■ Exercise description ■
The lines from the first line of the entries through the line containing "- Galeri: melihat" are to be repeated exactly, with both of those lines included.

[Items from a data source]

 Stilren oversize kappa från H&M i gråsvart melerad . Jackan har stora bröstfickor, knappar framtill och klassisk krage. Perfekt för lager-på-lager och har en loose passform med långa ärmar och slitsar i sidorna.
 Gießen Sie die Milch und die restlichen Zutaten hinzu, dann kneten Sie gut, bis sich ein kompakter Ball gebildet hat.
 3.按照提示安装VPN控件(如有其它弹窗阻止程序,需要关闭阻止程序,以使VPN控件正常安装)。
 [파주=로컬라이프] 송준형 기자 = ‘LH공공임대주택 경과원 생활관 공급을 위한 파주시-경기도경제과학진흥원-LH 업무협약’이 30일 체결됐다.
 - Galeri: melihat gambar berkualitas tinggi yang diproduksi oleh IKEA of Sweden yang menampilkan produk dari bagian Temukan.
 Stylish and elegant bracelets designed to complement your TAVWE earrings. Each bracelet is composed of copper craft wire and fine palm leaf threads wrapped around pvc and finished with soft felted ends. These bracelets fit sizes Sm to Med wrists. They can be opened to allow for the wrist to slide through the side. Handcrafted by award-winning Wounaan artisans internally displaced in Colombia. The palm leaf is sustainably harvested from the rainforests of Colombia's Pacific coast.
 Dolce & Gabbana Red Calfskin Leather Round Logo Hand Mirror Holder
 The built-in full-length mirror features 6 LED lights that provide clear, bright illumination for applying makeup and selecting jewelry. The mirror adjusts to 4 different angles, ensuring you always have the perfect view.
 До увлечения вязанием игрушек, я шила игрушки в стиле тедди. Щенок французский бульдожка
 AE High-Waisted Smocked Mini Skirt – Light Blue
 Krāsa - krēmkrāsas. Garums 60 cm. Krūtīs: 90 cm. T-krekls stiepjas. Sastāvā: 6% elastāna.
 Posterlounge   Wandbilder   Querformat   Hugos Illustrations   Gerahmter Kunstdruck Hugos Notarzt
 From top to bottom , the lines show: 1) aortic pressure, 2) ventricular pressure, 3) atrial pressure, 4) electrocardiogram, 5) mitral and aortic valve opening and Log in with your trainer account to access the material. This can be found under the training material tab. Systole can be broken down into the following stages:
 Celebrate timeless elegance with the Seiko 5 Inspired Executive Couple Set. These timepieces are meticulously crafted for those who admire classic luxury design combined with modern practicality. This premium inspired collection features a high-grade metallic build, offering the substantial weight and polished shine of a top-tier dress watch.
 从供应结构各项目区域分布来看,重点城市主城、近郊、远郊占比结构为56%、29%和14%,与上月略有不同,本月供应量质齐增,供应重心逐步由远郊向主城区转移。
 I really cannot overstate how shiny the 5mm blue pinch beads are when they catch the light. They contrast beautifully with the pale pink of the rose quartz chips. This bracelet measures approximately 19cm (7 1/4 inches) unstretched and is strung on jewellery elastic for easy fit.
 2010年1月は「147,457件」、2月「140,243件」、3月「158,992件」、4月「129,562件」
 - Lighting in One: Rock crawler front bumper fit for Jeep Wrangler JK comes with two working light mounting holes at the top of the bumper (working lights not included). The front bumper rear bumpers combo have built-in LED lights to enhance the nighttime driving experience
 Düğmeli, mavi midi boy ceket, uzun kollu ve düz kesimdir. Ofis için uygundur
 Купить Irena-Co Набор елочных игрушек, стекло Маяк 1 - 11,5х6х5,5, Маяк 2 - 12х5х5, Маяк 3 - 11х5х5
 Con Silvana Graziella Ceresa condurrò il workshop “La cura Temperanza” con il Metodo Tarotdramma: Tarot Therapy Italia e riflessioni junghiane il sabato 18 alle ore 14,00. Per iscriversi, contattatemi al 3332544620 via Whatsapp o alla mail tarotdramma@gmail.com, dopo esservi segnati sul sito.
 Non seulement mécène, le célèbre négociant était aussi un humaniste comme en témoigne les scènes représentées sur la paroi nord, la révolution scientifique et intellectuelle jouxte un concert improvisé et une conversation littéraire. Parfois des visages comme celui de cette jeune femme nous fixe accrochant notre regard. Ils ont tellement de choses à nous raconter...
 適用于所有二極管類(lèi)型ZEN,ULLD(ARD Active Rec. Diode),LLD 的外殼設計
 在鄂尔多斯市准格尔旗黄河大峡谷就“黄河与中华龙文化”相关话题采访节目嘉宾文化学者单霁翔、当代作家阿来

■ Your response ■
 Stilren oversize kappa från H&M i gråsvart melerad . Jackan har stora bröstfickor, knappar framtill och klassisk krage. Perfekt för lager-på-lager och har en loose passform med långa ärmar och slitsar i sidorna.
 Gießen Sie die Milch und die restlichen Zutaten hinzu, dann kneten Sie gut, bis sich ein kompakter Ball gebildet hat.
 3.按照提示安装VPN控件(如有其它弹窗阻止程序,需要关闭阻止程序,以使VPN控件正常安装)。
 [파주=로컬라이프] 송준형 기자 = ‘LH공공임대주택 경과원 생활관 공급을 위한 파주시-경기도경제과학진흥원-LH 업무협약’이 30일 체결됐다.
 - Galeri: melihat gambar berkualitas tinggi yang diproduksi oleh IKEA of Sweden yang menampilkan produk dari bagian Temukan.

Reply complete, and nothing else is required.